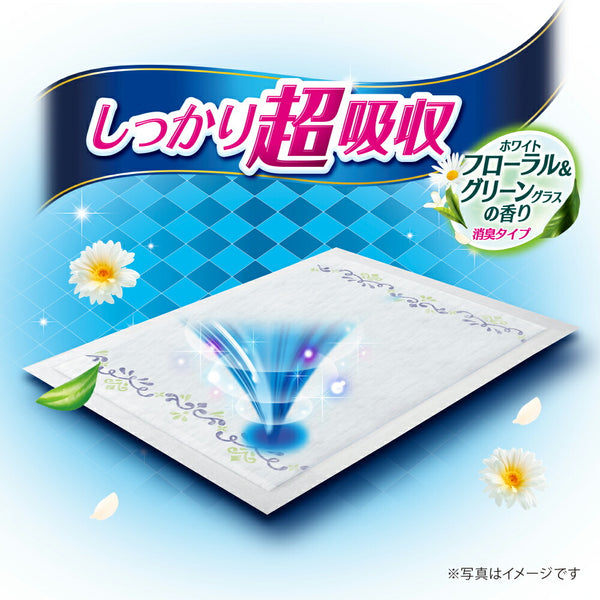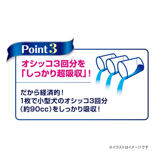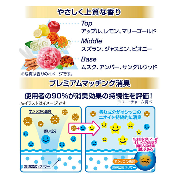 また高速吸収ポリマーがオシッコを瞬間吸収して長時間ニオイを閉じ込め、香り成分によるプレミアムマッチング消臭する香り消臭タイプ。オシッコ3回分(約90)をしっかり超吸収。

---+---

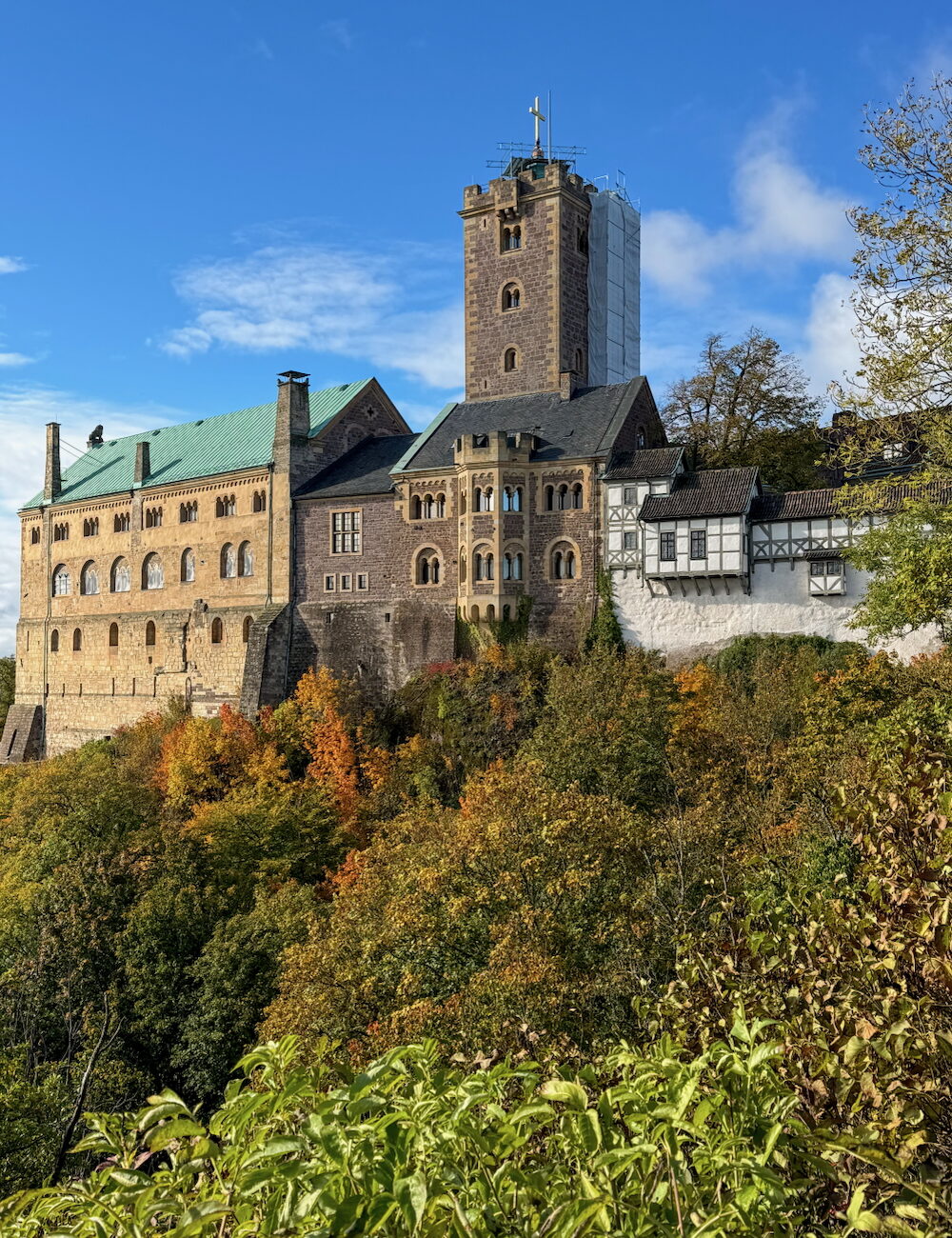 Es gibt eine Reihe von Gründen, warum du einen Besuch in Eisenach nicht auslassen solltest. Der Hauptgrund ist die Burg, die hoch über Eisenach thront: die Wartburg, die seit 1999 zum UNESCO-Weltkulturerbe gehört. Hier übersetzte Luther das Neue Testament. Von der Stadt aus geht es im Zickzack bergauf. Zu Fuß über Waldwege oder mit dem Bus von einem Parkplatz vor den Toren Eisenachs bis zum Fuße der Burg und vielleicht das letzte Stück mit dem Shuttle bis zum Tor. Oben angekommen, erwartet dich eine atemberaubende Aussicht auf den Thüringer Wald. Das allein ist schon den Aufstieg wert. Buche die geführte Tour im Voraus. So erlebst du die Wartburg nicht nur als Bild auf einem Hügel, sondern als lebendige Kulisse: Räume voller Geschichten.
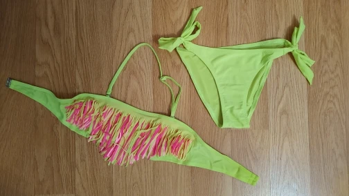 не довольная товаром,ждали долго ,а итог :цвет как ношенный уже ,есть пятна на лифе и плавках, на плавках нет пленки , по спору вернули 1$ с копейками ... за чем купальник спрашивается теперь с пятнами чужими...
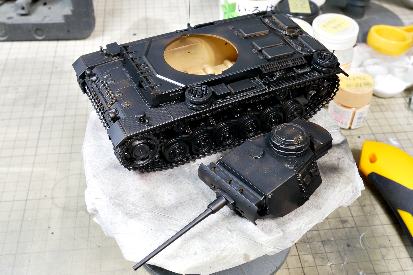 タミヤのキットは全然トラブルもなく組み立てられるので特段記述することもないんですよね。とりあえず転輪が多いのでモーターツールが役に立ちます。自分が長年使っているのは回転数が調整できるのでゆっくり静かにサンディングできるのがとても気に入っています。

---+---

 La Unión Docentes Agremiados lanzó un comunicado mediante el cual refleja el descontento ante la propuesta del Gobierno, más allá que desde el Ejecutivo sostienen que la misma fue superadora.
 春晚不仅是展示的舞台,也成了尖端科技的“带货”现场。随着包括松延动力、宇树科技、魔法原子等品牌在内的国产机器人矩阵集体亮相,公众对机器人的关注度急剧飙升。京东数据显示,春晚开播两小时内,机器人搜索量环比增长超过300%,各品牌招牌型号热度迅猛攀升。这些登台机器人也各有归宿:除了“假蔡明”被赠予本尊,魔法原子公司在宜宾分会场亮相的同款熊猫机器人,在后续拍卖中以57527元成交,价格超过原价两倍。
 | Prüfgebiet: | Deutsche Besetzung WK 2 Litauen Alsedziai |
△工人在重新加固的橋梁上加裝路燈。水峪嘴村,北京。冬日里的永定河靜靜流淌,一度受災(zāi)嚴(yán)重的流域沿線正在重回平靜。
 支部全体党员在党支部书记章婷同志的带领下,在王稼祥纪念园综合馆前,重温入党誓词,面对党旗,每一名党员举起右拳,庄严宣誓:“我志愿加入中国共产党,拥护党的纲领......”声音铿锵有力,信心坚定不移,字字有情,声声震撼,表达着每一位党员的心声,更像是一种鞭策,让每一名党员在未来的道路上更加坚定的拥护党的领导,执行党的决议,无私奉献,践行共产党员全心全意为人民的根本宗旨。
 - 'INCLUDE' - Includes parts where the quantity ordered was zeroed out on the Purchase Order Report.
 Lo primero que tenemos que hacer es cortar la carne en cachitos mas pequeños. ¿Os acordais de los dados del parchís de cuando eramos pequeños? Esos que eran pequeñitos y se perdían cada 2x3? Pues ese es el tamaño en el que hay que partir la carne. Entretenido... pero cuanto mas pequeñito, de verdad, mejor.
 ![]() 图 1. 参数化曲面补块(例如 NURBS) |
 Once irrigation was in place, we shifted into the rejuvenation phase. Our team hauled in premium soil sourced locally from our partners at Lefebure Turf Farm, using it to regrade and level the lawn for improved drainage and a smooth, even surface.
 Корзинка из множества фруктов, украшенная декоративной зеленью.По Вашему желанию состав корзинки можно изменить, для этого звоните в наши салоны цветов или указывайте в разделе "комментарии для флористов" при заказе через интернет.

---+---

**Task objective**:
In the listing above, transcribe exactly everything from the line containing "支部全体党员在党支部书记章婷" down to the line containing "Корзинка из множества", including both and nothing more.

**Written response**:
 支部全体党员在党支部书记章婷同志的带领下,在王稼祥纪念园综合馆前,重温入党誓词,面对党旗,每一名党员举起右拳,庄严宣誓:“我志愿加入中国共产党,拥护党的纲领......”声音铿锵有力,信心坚定不移,字字有情,声声震撼,表达着每一位党员的心声,更像是一种鞭策,让每一名党员在未来的道路上更加坚定的拥护党的领导,执行党的决议,无私奉献,践行共产党员全心全意为人民的根本宗旨。
 - 'INCLUDE' - Includes parts where the quantity ordered was zeroed out on the Purchase Order Report.
 Lo primero que tenemos que hacer es cortar la carne en cachitos mas pequeños. ¿Os acordais de los dados del parchís de cuando eramos pequeños? Esos que eran pequeñitos y se perdían cada 2x3? Pues ese es el tamaño en el que hay que partir la carne. Entretenido... pero cuanto mas pequeñito, de verdad, mejor.
 ![]() 图 1. 参数化曲面补块(例如 NURBS) |
 Once irrigation was in place, we shifted into the rejuvenation phase. Our team hauled in premium soil sourced locally from our partners at Lefebure Turf Farm, using it to regrade and level the lawn for improved drainage and a smooth, even surface.
 Корзинка из множества фруктов, украшенная декоративной зеленью.По Вашему желанию состав корзинки можно изменить, для этого звоните в наши салоны цветов или указывайте в разделе "комментарии для флористов" при заказе через интернет.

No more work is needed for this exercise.